RDC : le mouvement Totelema annonce une marche de soutien au RAM

 

Le comité directeur du mouvement Totelema a échangé ce samedi 1er mai avec la commission RAM (Registre des appareils mobiles) sur des perturbations de fonctionnement auprès d’un réseau de télécommunication attribuées « faussement » au RAM.

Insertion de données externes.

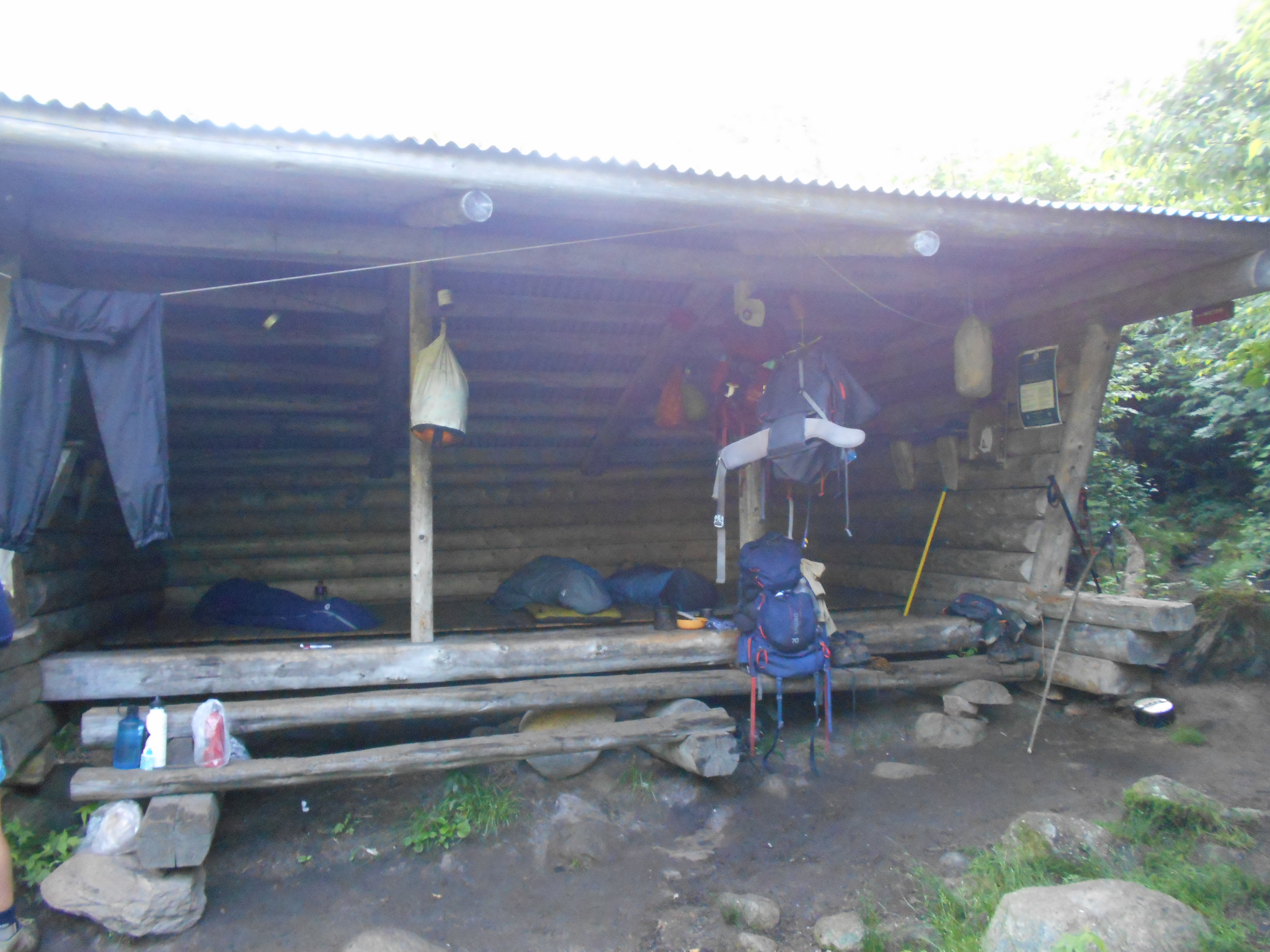woke to annother excelent breakfast at the hostal but then it was time to pack up and leave. it rained most of the night so the trail was wet and soggy and socked in with fog. was able to make good time on the flats and uphills, but downhills were killing my knees still. backpack feels much better with the new adjustments and the new boots are doing ok. did fall two times today due to wet rocks. first no dammage, but the second I did do something to my 2nd finger on my left hand. it is bent at the first nuckle and will not streighten out. no pain and no sign of a break. luckly at the shelter there is a physiotheripist who said that if I put it in a splint for 4 to six weeks it should be ok, but leaving it unsplinted could leave it bent permanently.
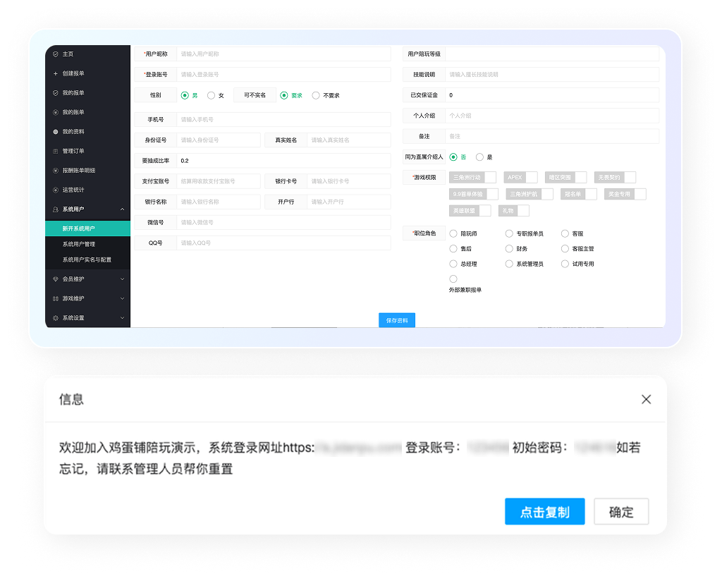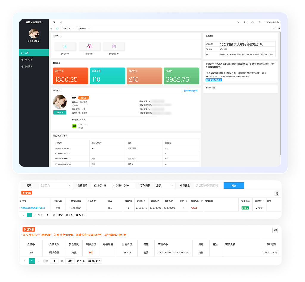 陪玩老板可以建立自己的账号、登录系统,可以查看自己的订单、消费记录、余额变动,与俱乐部建立更深度良好的关系

S’exprimant via un communiqué parvenu à ACTU7.CD, cette structure qui commence par rappeler à la population que « l’économie d’un pays dépend aussi du paiement des impôts source de revenu pouvant augmenter le budget », met en garde contre « tous les plans diaboliques pouvant déstabiliser un projet du Gouvernement qui peut élever l’économie du pays ».

Dans ce même document, le mouvement Totelema demande aux congolais de ne pas céder à ce qu’il qualifie de manipulation et intoxication.

« Nous demandons à la population congolaise de ne pas céder à la manipulation et à l’intoxication des réseaux de télécommunications pour boycotter le projet du Ministère des PT-NTIC », lit-on dans ce communiqué qui porte la signature de Christian Bosoyi, Président national de cette structure.

En vue d’apporter un soutien au RAM, le mouvement Totelema annonce la tenue, dans les jours qui viennent, d’une marche pacifique.

A l’entame de son message, ce mouvement avait tâché de rappeler les objectifs poursuivis par cette redevance RAM, dont l’optimisation de la sécurité et la qualité de service de réseau mobile sur le territoire national, lutter efficacement contre la contrefaçon des les appareils mobiles par la déconnexion aux réseaux des appareils identifiés comme non conformes, combattre le vol des appareils mobiles via le blocage des appareils déclarés comme volés ou perdus, et assurer la sécurité via la géo-localisation et contrôler des appels entrants et sortants.

Depuis trois (3) jours déjà, certains abonnés de Vodacom se voient empêchés d’activer les forfaits internet, appels ou SMS, croisant un message de RAM les obligeant à desservir d’abord cette redevance avant toute chose. Et, pour la plupart, malgré les unités rechargées, la situation ne change pas.